Der Beklagte haftet insoweit gesamtschuldnerisch mit seinen beiden Brüdern, jedoch in der Höhe begrenzt auf die bei ihm verbliebenen Zahlungen in Höhe von 16.097,19 EUR und 74.220,- EUR für die zweite Schenkung. Mehrere gleichzeitig Beschenkte (z.B. die von den Eltern in einem Zuwendungsakt beschenkten Kinder) haften als Gesamtschuldner gleichrangig nebeneinander. Der Umfang der Haftung jedes einzelnen Beschenkten wird aber durch § 528 Abs. 1 BGB und § 818 Abs. 2 und 3 BGB begrenzt, d.h. jeder Beschenkte haftet nur bis zur Obergrenze des Notbedarfs des Schenkers und nur bis zur Höhe der noch vorhandenen eigenen Bereicherung. Im zuvor aufgezeigten Rahmen kann daher der verarmte Schenker nach seiner Wahl den einen oder den anderen Beschenkten in Anspruch nehmen ohne Rücksicht darauf, ob zwischen dem Beschenkten eine Ausgleichspflicht besteht (MüKo/J. Koch, BGB, § 528, Rdnr. 27 m.w.N.).
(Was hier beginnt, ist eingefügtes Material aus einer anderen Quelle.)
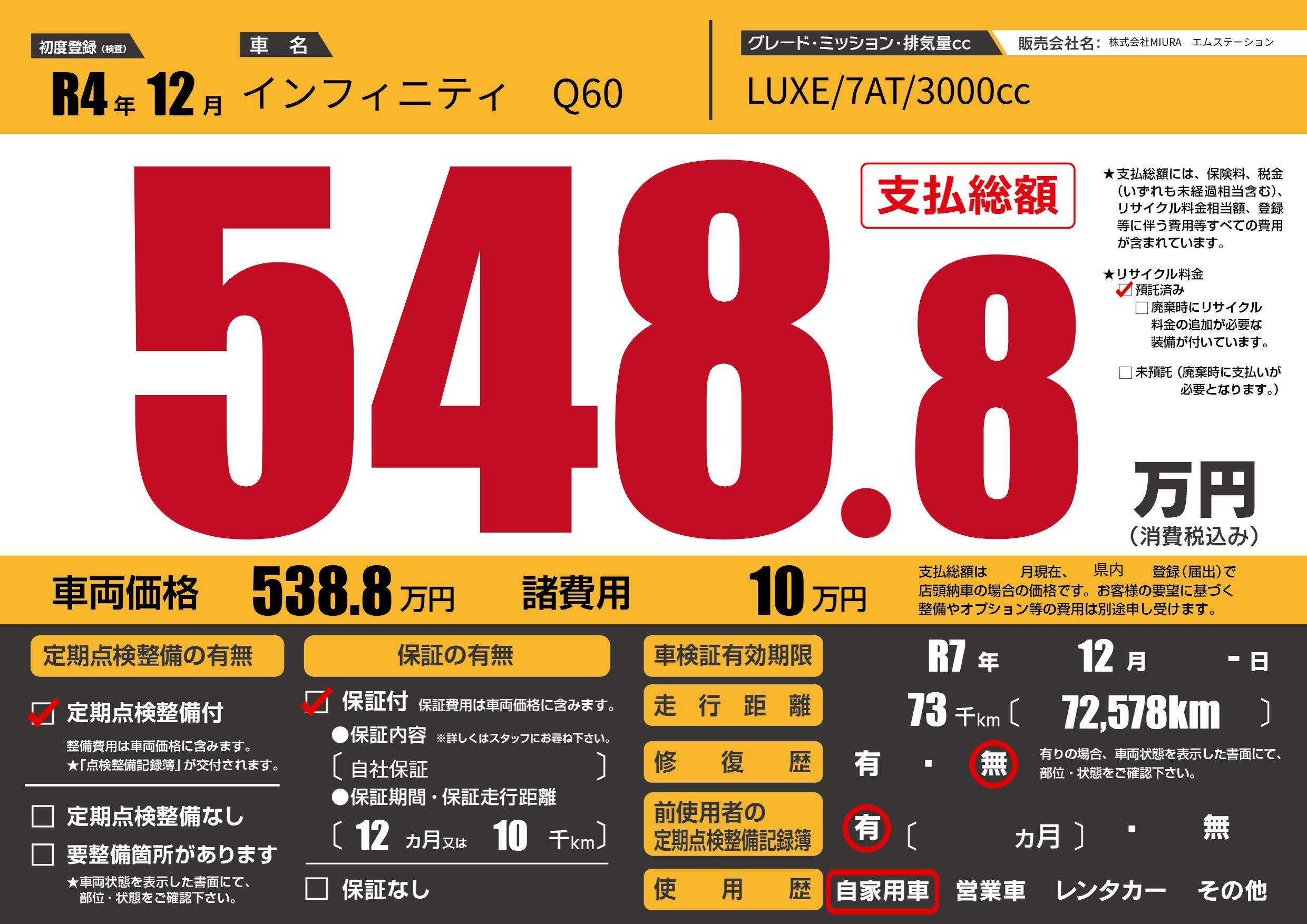 | 車名 | インフィニティ Q60 | グレード ミッション 排気量 |

Gemäß § 528 Abs. 2 BGB haftet zwar der früher Beschenkte nur nachrangig bis zur Obergrenze des Restbedarfs, der sich ergibt, wenn man den vollen Bedarf des Schenkers um die Herausgabepflicht des später Beschenkten mindert (MüKo, a.a.O., Rdnr. 26).Hier war es jedoch so, dass die Brüder zu zwei verschiedenen Zeitpunkten für sich gesehen jeweils gleichzeitig eine Schenkung erhielten, für die sie jeweils – begrenzt auf ihre individuelle Bereicherung – gesamtschuldnerisch haften. Damit wirkt sich die vorgenannte Norm hier nicht dahingehend aus, dass die Klägerin sich aus der zweiten Schenkung zunächst vollständig gegenüber den anderen Brüdern befriedigen müsste. Die Tatsache, dass der Beklagte demnach zunächst nur zu der Rückgabe der ersten Schenkung und alsdann erst zur Rückgabe der zweiten Schenkung verpflichtet ist, wird hinreichend durch die betragsmäßige Begrenzung der Herausgabepflicht berücksichtigt.
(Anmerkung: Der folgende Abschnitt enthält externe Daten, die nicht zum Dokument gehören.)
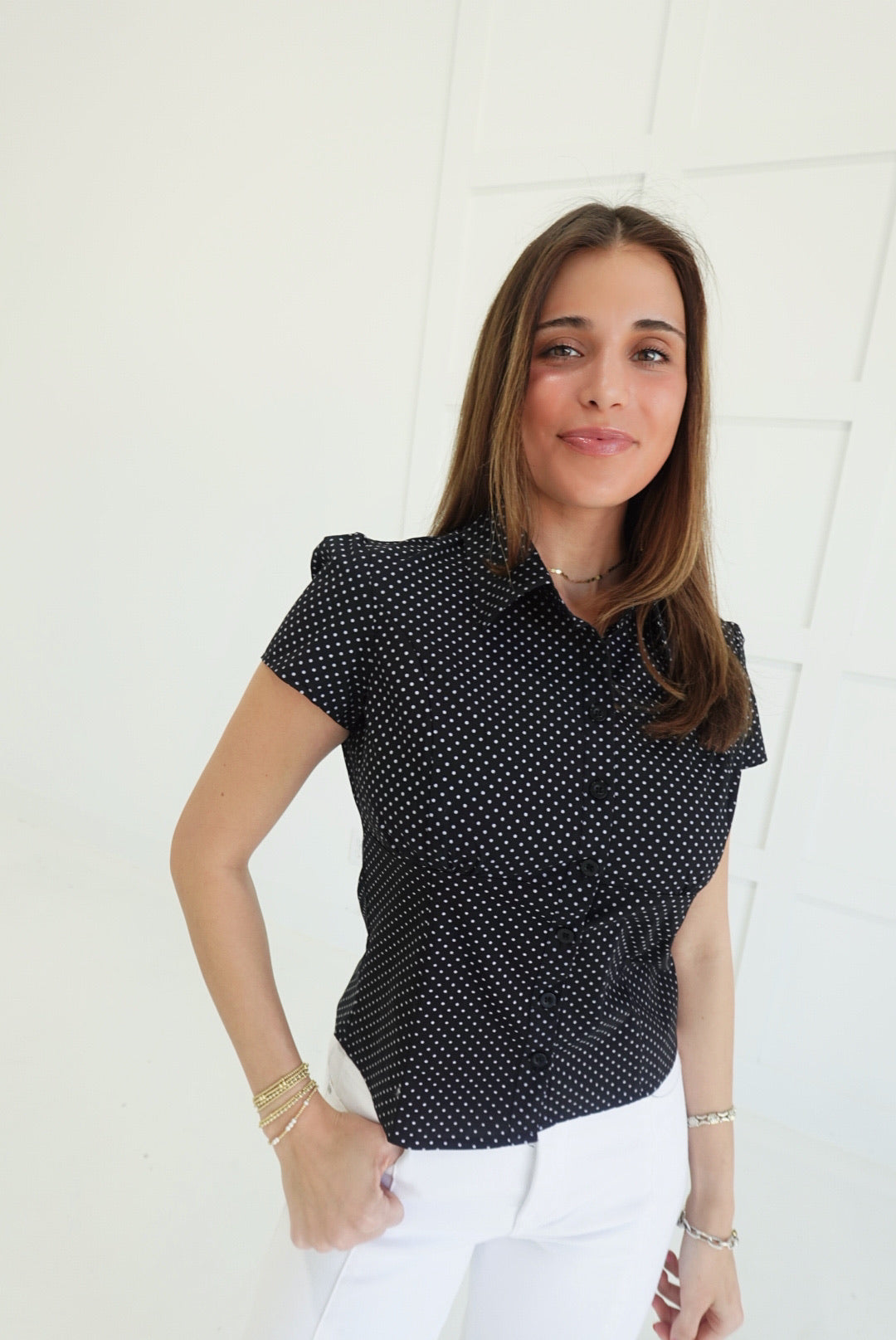 Fearless femininity meets everyday versatility in the Phoebe Top. This stretch woven shirt commands attention with its bold dot print and architectural back smocking—a daring detail that transforms a classic silhouette into something unforgettable. Cap sleeves and a button-down front keep it polished and practical, while the structured fabric moves with you. Perfect for those who refuse to blend in.

Die gestellten Klageanträge orientieren sich insgesamt an den obengenannten Grundsätzen.

Unbestritten ist schließlich von dem Klägervertreter im letzten Termin zur mündlichen Verhandlung klargestellt worden, dass von dem Sozialhilfeträger keine Überleitung des Anspruches gemäß § 93 SGB XII vorgenommen wurde.
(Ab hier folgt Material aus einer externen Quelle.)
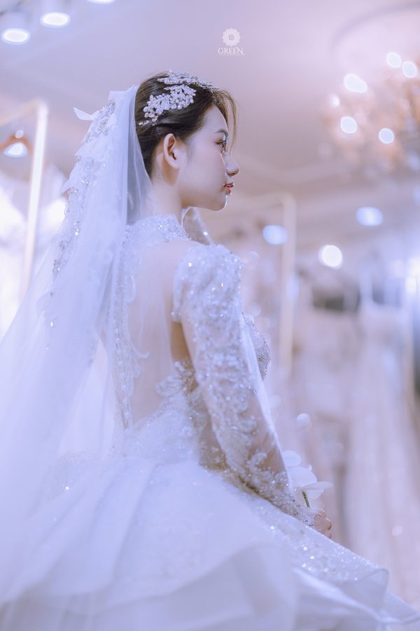 [Gợi ý chèn hình ảnh 4O0A7515.PNG ở đây] [Văn bản thay thế (Alt Text): Cô dâu mặc váy cưới tay dài lấp lánh Nữ Hoàng Ngân Hà của Green Studio]

Soweit der Beklagte im nicht nachgelassenen Schriftsatz vom 08.09.2011 zu einer Erkrankung der Ehefrau vorträgt, ist dieser neue Vortrag gem. § 296a ZPO unbeachtlich. Er gebietet aber auch keine Wiedereröffnung der mündlichen Verhandlung. Denn aus dem vorgelegten Attest folgt nur, dass ein orthopädischer Eingriff ärztlicherseits vorgeschlagen wurde; ob ein solcher mit den dargestellten Folgen auch tatsächlich beabsichtigt ist, kann dem Attest hingegen nicht entnommen werden. Schließlich wäre der neue Vortrag aber auch aus den grundsätzlichen Erwägungen der Kammer heraus unbeachtlich.

Die prozessualen Nebenentscheidungen beruhen auf den §§ 91 Abs. 1 Satz 1 1. Halbsatz, 709 Satz 1, 2 ZPO.